### Heroes Of Pymoli Data Analysis
* Of the 1163 active players, the vast majority are male (84%). There also exists, a smaller, but notable proportion of female players (14%).

* Our peak age demographic falls between 20-24 (44.8%) with secondary groups falling between 15-19 (18.60%) and 25-29 (13.4%).  
-----

### Note
* Instructions have been included for each segment.
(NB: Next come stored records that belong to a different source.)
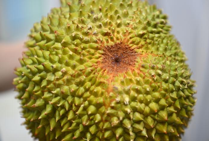 这是10月16日在马来西亚彭亨州劳勿拍摄的一颗成熟的猫山王榴莲,底部有“五角星”形状。新华社记者 程一恒 摄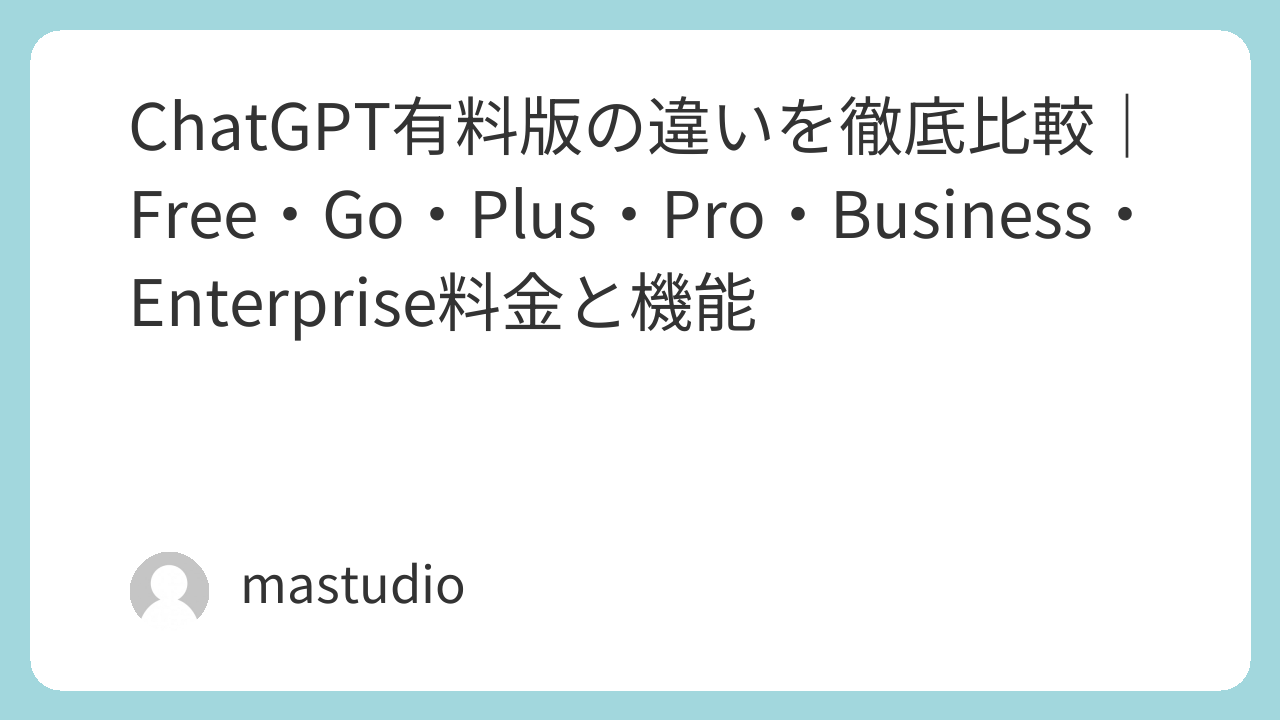 - 全6プラン:Free(¥0)・Go(¥1,500)・Plus(¥3,000)・Pro(¥30,000)・Business(¥3,900〜)・Enterprise(要問合せ)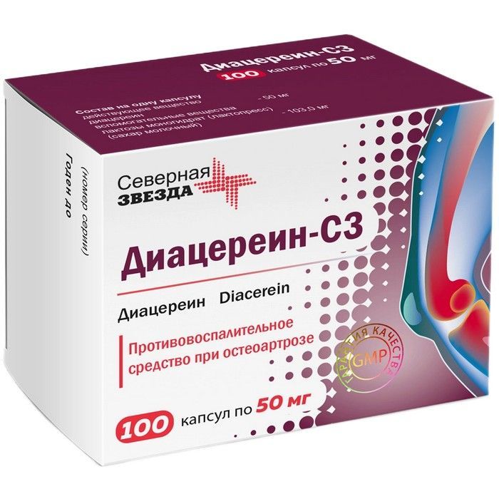 Диацереин-СЗ капс. 50мг №100 Северная звезда/Россия

You do not have to follow them exactly, but they are included to help you think through the steps.

In [12]:
# Dependencies and Setup
import pandas as pd
import numpy as np

# File to Load (Remember to Change These)
purchase_data = "Resources/purchase_data.csv"

# Read Purchasing File and store into Pandas data frame
purchase_df = pd.read_csv(purchase_data)
purchase_df.head(10)

Unnamed: 0,Purchase ID,SN,Age,Gender,Item ID,Item Name,Price
0,0,Lisim78,20,Male,108,"Extraction, Quickblade Of Trembling Hands",3.53
1,1,Lisovynya38,40,Male,143,Frenzied Scimitar,1.56
2,2,Ithergue48,24,Male,92,Final Critic,4.88
3,3,Chamassasya86,24,Male,100,Blindscythe,3.27
4,4,Iskosia90,23,Male,131,Fury,1.44
5,5,Yalae81,22,Male,81,Dreamkiss,3.61
6,6,Itheria73,36,Male,169,"Interrogator, Blood Blade of the Queen",2.18
7,7,Iskjaskst81,20,Male,162,Abyssal Shard,2.67
8,8,Undjask33,22,Male,21,Souleater,1.1
9,9,Chanosian48,35,Other / Non-Disclosed,136,Ghastly Adamantite Protector,3.58


## Player Count

* Display the total number of players


In [15]:
tot_players = len(purchase_df["SN"].value_counts())
pd.DataFrame([tot_players], columns = ["Total Players"])

Unnamed: 0,Total Players
0,576


## Purchasing Analysis (Total)

* Run basic calculations to obtain number of unique items, average price, etc.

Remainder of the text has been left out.